⟨
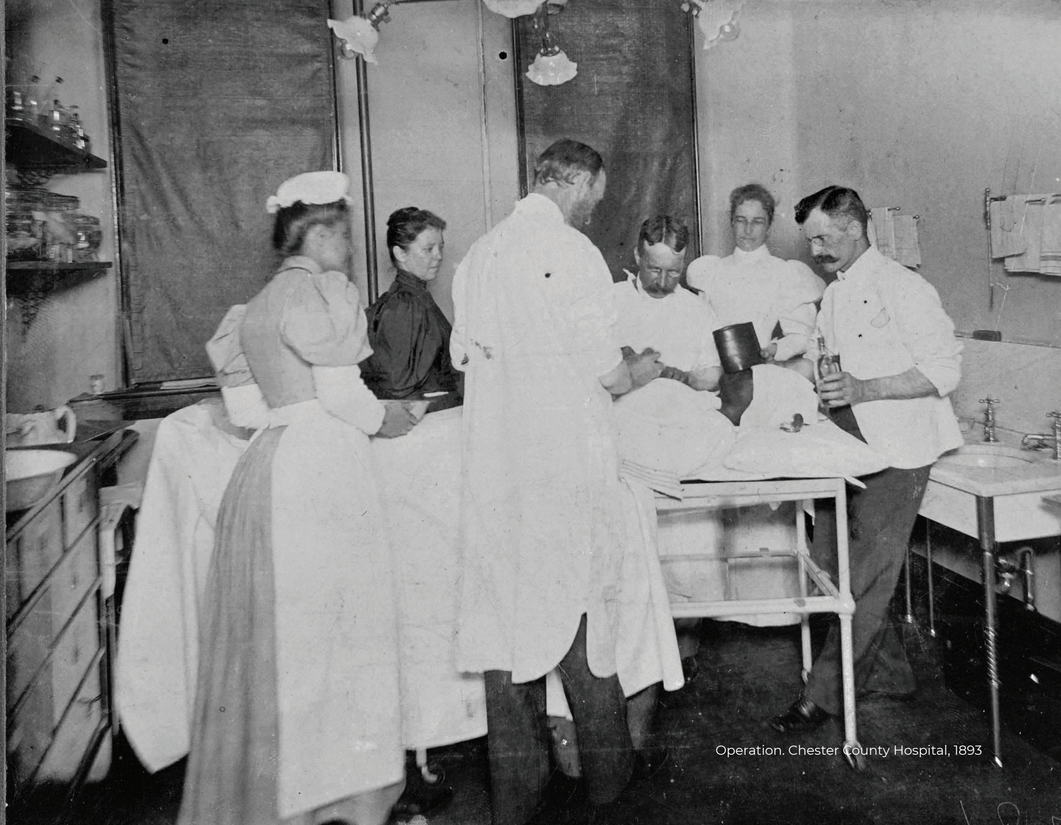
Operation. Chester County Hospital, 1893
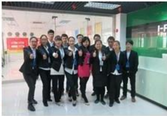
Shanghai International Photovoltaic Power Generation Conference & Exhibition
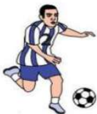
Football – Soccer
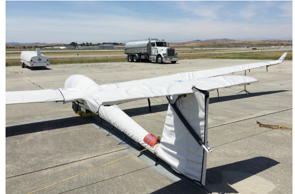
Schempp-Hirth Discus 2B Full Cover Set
⟩
⟨
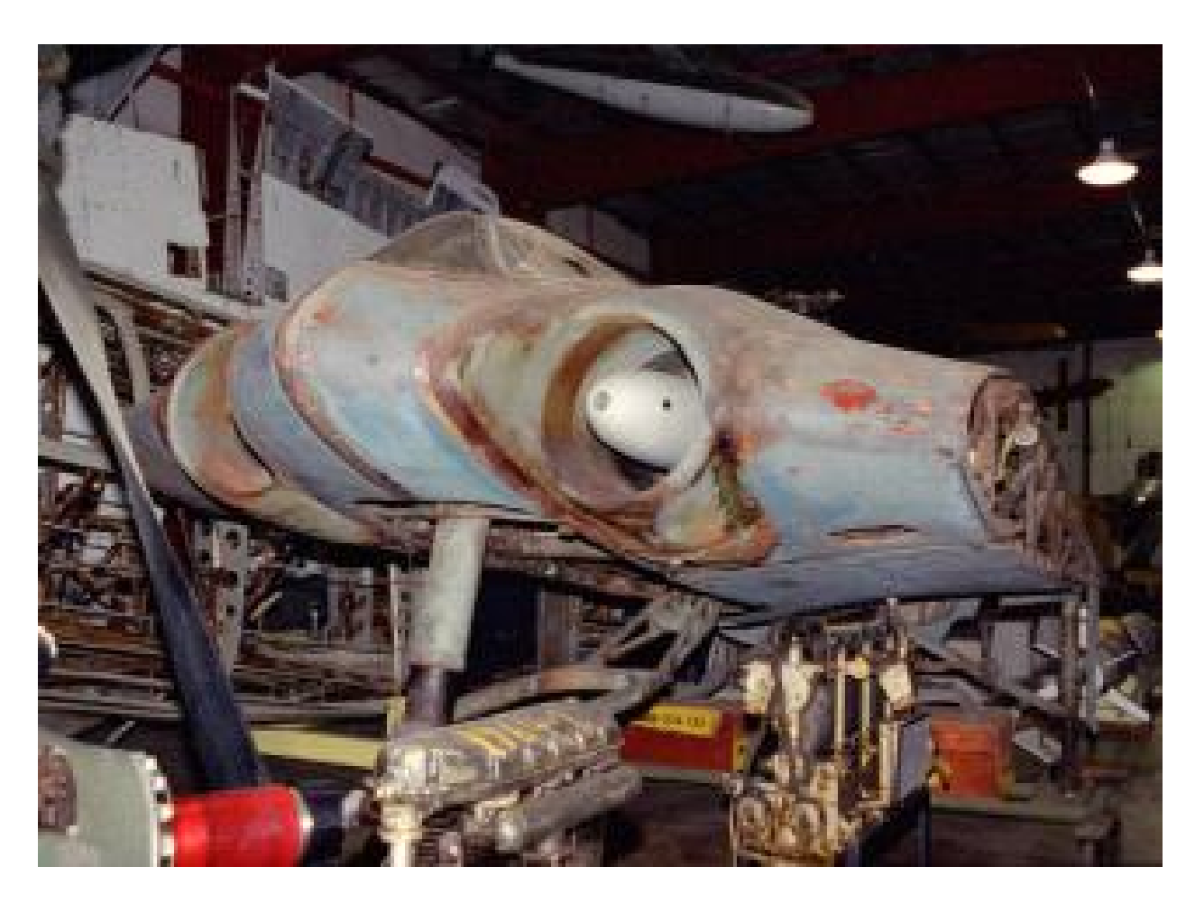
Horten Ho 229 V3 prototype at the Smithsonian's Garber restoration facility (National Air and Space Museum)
⟩
⟨
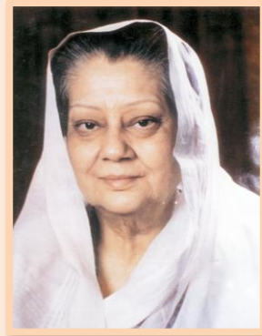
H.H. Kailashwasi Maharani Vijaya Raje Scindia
⟩
## Task objective
Transcribe only this stretch of the data: the line with "Operation. Chester County Hospital, 1893", the line with "Schempp-Hirth Discus 2B Full Cover Set", and every line in between. Leave out the pictures.

## Solved problem
Operation. Chester County Hospital, 1893
Shanghai International Photovoltaic Power Generation Conference & Exhibition
Football – Soccer
Schempp-Hirth Discus 2B Full Cover Set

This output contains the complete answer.